Board responsibilities

Boards have ultimate responsibility for how a condo fares, regardless of the involvement of a management company. In most cases boards are the ultimate decision makers, referees of minor issues, administrators, educators, and overall leaders of the community.

Boards have two broad responsibilities:

Manage the corporation’s affairs, property and assets.

Ensure they and their condo community complies with the Condo Act and governing documents.

The CAO has developed four foundations of good governance that all directors should consider when carrying out these responsibilities:

Develop Key Competencies

Learn what it means to be part of a board and carry out board business effectively

Meet the Standard of Care

Exercise financial due diligence, govern with long term sustainability in mind, oversee condo managers responsibly and disclose any conflicts of interest.

Establish proper board composition

Fill vacancies with qualified individuals and put proper term limits and lengths in place.

Maintain good relations with owners

Engage with owners and solicit their feedback.

And here are some more day-to-day best practices for those that join a board:

  • Keep your corporation’s best interest in mind
  • Be involved, present and inquisitive during board meetings
  • Ask questions about the information presented to you and seek more information if needed
  • Be respectful and thoughtful in your dealings with staff, owners, tenants, managers
  • Adhere to the Condo Act and governing documents
  • Keep sensitive information confidential

Board structure

Boards must have at least three directors but may have more depending on the specific needs of the corporation. The board’s size can be set in the by-laws but should be an odd number to avoid voting stalemates. Boards should aim to have a wide range of expertise while remaining small enough to be nimble and decisive. Here are some questions that can help determine the right size for your board:

  • Do we have enough members to carry out all the duties required of us?
  • Do we have the right mix of expertise to answer all questions posed to us?
  • Are we having issues with level of involvement or absences, and should we look to mitigate this?
  • Does experience show that we get the right kind of candidate putting their name forward for election?

See section 51(6) of the Act for more information.

Term Limits

Directors can serve on a board for three years by default, though corporations can enact by-laws to change this timeline if they think that they need more frequent renewal. The Condo Act doesn’t specify how many consecutive terms one can serve on a board, but this should also be limited to a maximum of three unless the corporation foresees having trouble finding enough volunteers to ensure renewal.

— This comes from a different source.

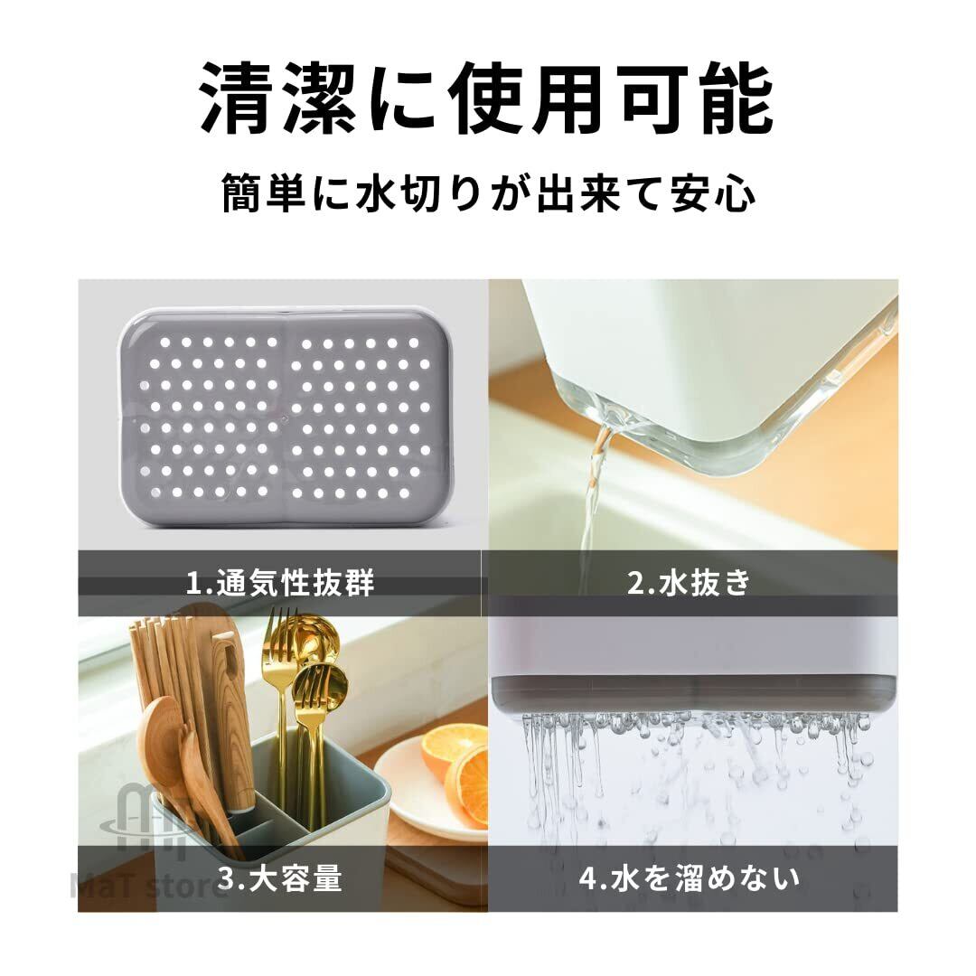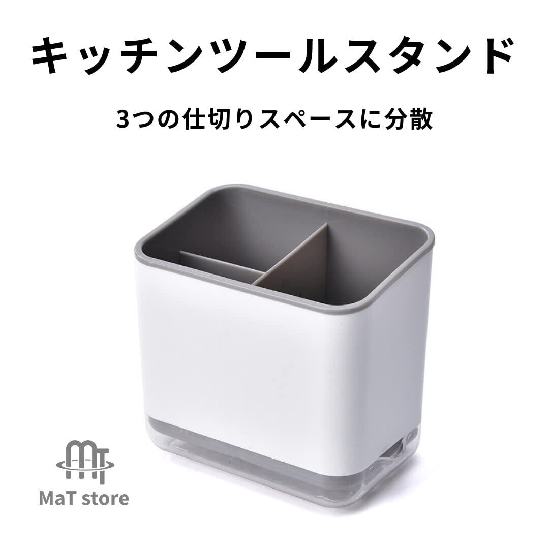 MaT store キッチンツールスタンド 収納 キッチン用品 水切り 箸立て ホワイト×グレー

Important note: Only owners can elect or remove board members in corporations where at least 15 per cent of the units are occupied by owners.

Board composition & roles

Boards must elect a president and appoint a secretary. They may also appoint a vice-president. The Act does not specify any shortlist of duties for each role within the board, but by-laws may. CAO’s Best Practices Guide: Governance, provides some common lists of duties for each board position.


Duties may include chairing meetings, setting agendas, ensuring proper communications with owners, ensuring new directors are onboarded properly, and more.

Board Secretary

Secretaries are like administrative custodians for the board. They ensure that meeting minutes are recorded properly, accurately and that they are balanced. They also set board meeting times and work with managers to respond to records requests.


VPs may take on the President’s duties in their absence, including having signing authority.


This is an optional role that many corporations nonetheless choose to have given the complex financial reporting and related decisions that boards must deal with. Treasurers work with managers or external vendors to prepare financial statements, monitor expenditures, makes recommendations on financial arrangements, and more. Treasurers should have some finance experience.